● **TASK**
Drop the images, then output the listing exactly.

● **DATASET EXTRACT**
►
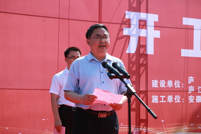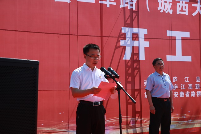 劉慶春主持開工儀式,簡要介紹廬江縣二軍路工程項目,并對各參加單位及項目建設(shè)提出殷切期許。
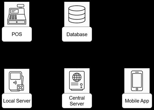 The system includes four main components: the POS, a local server in the store, a central server, and a mobile app. The local server, running on a microcomputer (Raspberry Pi), receives receipt data from the POS via webhook and enables user identification through QR code or NFC. Once identified, the receipt is sent to the central server, which stores it and notifies the user via the app. If no identification occurs at checkout, a unique QR code is generated for delayed linking. The user can scan it later to retrieve the receipt. All receipts are accessible and manageable in the app.
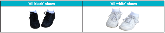 - Students are not permitted to wear shoes with different colours or designs (e.g. all black shoes with white details).
◄
● **RESULT FOR THIS TASK**
 劉慶春主持開工儀式,簡要介紹廬江縣二軍路工程項目,并對各參加單位及項目建設(shè)提出殷切期許。
 The system includes four main components: the POS, a local server in the store, a central server, and a mobile app. The local server, running on a microcomputer (Raspberry Pi), receives receipt data from the POS via webhook and enables user identification through QR code or NFC. Once identified, the receipt is sent to the central server, which stores it and notifies the user via the app. If no identification occurs at checkout, a unique QR code is generated for delayed linking. The user can scan it later to retrieve the receipt. All receipts are accessible and manageable in the app.
 - Students are not permitted to wear shoes with different colours or designs (e.g. all black shoes with white details).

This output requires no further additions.